Hi Rick,
Thanks for replying me!
I thought the longer ISIs the better the deconvolved results. And I thought we needed a slow event design to get better signal change curve of each stimulus. So the long rests were expected. But I am not sure about this. I thought the distribution of events should look evener but some ISIs are too small and the others are too big.
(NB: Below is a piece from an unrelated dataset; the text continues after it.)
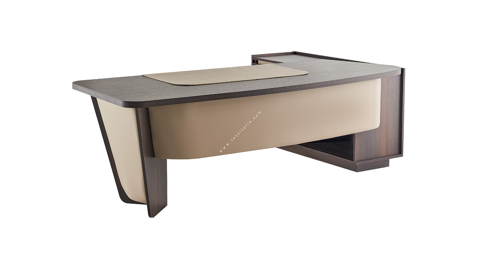 Magnario Yönetici Çalışma Masası, yöneticilerin ihtiyaçları göz önünde bulundurularak tasarlanmış son derece fonksiyonel bir üründür. Geniş ve kavisli çalışma yüzeyi, rahat bir çalışma alanı sağlarken, masanın ön kısmındaki deri detaylar konforu artırır. Entegre etajeri, önemli belgeler ve ofis malzemeleri için ek depolama alanı sunar. Bu depolama çözümü, çalışma alanının dağınıklığını önleyerek düzenli ve verimli bir ortam yaratır. Deri detaylı masanın sağlam yapısı, uzun ömürlü ve dayanıklı bir kullanım vaat eder.

I also tried to reduce run_lengths to 180 includes pre_rest and post_rest:
set num_stim = 3
set num_runs = 4
set pre_rest = 0 #pre_rest will be added manually later in the formal experiment
set post_rest = 10
set min_rest = 10
set tr = 2.0
set stim_durs = 2
set stim_reps = 8 # This specifies the number of repetitions of each stimulus type, per run
@ run_lengths = 180 * `printf '%.f' "$tr"`
The optimal sequence looks evener. But the post_rest is still too long to take for me:
timing_tool.py -multi_timing stimes.${iter}_0* \
-run_len $run_lengths -multi_stim_dur $stim_durs \
-multi_show_isi_stats
ISI statistics (3 elements) :
total per run
------ ------------------------------
total time 1440.0 360.0 360.0 360.0 360.0
total time: stim 192.0 48.0 48.0 48.0 48.0
total time: rest 1248.0 312.0 312.0 312.0 312.0
rest: total isi 1142.0 290.0 280.0 280.0 292.0
rest: pre stim 18.0 0.0 12.0 6.0 0.0
rest: post stim 88.0 22.0 20.0 26.0 20.0
num stimuli 96 24 24 24 24
min mean max stdev
------- ------- ------- -------
rest: pre-stim 0.000 4.500 12.000 5.745
rest: post-stim 20.000 22.000 26.000 2.828
rest: run #0 ISI 10.000 12.609 36.000 5.606
rest: run #1 ISI 10.000 12.174 20.000 2.480
rest: run #2 ISI 10.000 12.174 16.000 2.329
rest: run #3 ISI 10.000 12.696 22.000 3.548
all runs: ISI 10.000 12.413 36.000 3.674
And the NSD of optimal sequence becomes bigger (from 0.332600 to 0.354300).
Do you have suggestions for me to improve?
Yu Zhang
Edited 4 time(s). Last edit at 05/07/2018 05:32AM by Zhang Yu.